Therefore, we can treat the index as a table in the database (the index in es is also called the index library). An index can be compared to a table in a database.

The database table will have constraint information, which is used to define the table structure, field name, type and other information. Therefore, there is mapping in the index library, which is the field constraint information of the document in the index, similar to the structural constraint of the table. Map the constraint information of the table in the corresponding database.

1.3.3 comparison between MySQL and elasticsearch (key points)

Compare our concepts of search and mysql:

MySQL	Elasticsearch	explain
Table	Index	An index is a collection of documents, similar to a database table
Row	Document	Document s are pieces of data, similar to rows in a database. All documents are in JSON format
Column	Field	A Field is a Field in a JSON document, similar to a Column in a database
Schema	Mapping	Mapping is a constraint on documents in the index, such as field type constraints. Table structure constraint (Schema) similar to database
SQL	DSL	DSL is a JSON style HTTP request statement provided by elasticsearch, which is used to operate elasticsearch and realize CRUD

Does it mean that we no longer need mysql after learning elasticsearch?

Not so. They have their own strengths:

Mysql: good at transaction type operation, which can ensure the security and consistency of data.
Elastic search: good at searching, analyzing and calculating massive data.

Therefore, in enterprises, the two are often used in combination:

Write operations that require high security are implemented using mysql.
For the search requirements with high query performance, elastic search is used.
The two are based on some way to realize data synchronization and ensure consistency. (e.g. rabbit MQ)

1.4 installation of ES and Kibana

Reference link: Docker installation ES, Kibana

1.5 using kibana

1.5.1 Dev Tools

kibana provides a DevTools interface: pull down and you can see DevTools. In this interface, you can write DSL to operate elasticsearch. It also has the function of automatic completion of DSL statements.

1.5.2 default word splitter standard

The following DSL s are used to test the effect of word segmentation:

Syntax tips:

GET: request method.
/_ analyze: the request path is omitted here http://192.168.150.101:9200 , kibana will help us supplement the request parameters in json style.
analyzer: word breaker type. Here is the default standard word breaker.
text: the content to be segmented.

1.5.3 IK word splitter

Installation reference: Docker install IK word breaker

The IK word splitter contains two modes:

ik_smart: minimum segmentation (coarse granularity)
ik_max_word: thinnest segmentation (fine grain)

Common interview questions of word splitter:

1) What is the function of the word splitter?

Word segmentation of documents when creating inverted indexes
When the user searches, the input content is segmented

2) How many modes does the IK word splitter have?

ik_smart: intelligent segmentation, coarse granularity
ik_max_word: the most fine-grained segmentation

3) How does the IK word splitter extend entries? How to deactivate an entry?
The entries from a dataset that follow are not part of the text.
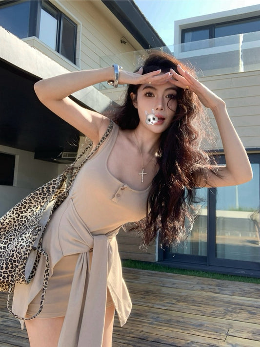 【Na+】辣妹蕾絲吊帶背心 卡其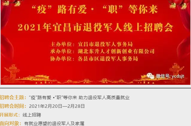 清风网湖北讯(通讯员:姜生华)关爱退役军人,搭建就业平台。2月20日至28日,湖北省当阳市退役军人事务局积极组织辖内退役军人及家属参加宜昌市“‘疫’路有爱 •‘职’等你来”线上招聘会活动。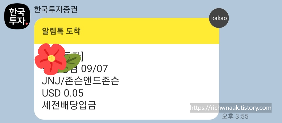 JNJ 존슨앤드존슨 배당금이 0.05달러 입금되었습니다.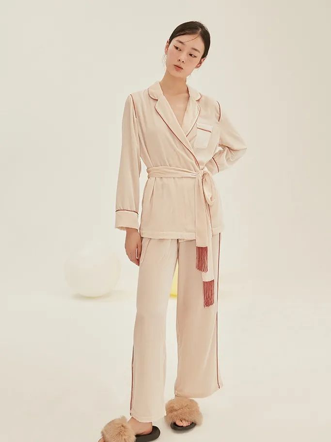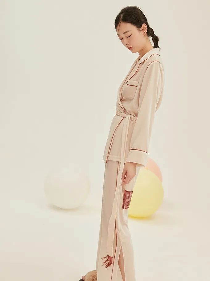 和系扣设计相比较起来,腰带设计更增添了慵懒和随性,适合喜欢无拘无束生活的女性。SANGLUO更推荐无内搭的穿法,肌肤与温柔丝绒亲密接触,精致驳领让颈部看起来更修长。
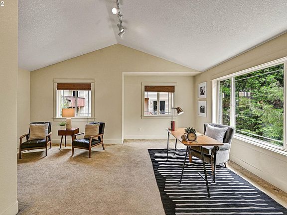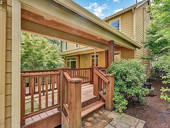Nature and city living come together with this beautiful 2,560 sqft 4 bedroom & 3 ½ bath home that includes a separate, spacious work-from-home office (or guest/mother-in-law quarters) connected to the main house via a covered walkway. Enjoy nature and privacy on this .45 acre lot relaxing on covered decks looking into 44 acre Woods Memorial Park. Located just minutes to Multnomah Village, PCC Sylvania, and short drives to downtown and shopping at Washington Square, and Bridgeport Village.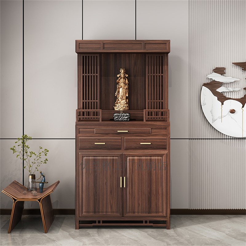 新中式全实木乌金木立柜佛龛供桌佛台家用办公室奉神龛带柜门定制

Using ikanalyzer. config directory cfg. Add extended dictionary and deactivate dictionary to XML file
Add expanded or disabled entries to the dictionary

1.5.4 extended dictionary

with the development of the Internet, "word making movement" is becoming more and more frequent. Many new words have appeared, which do not exist in the original vocabulary list (Dictionary). For example: "aoligai", "brush your face" and so on. You can test text as "Java discipline, Aoli!" Word segmentation effect.

Therefore, the thesaurus of the word splitter also needs to be constantly updated. IK word splitter provides the function of expanding the thesaurus.

1) Open the config directory of IK word splitter: (the mounting of data volume is used here)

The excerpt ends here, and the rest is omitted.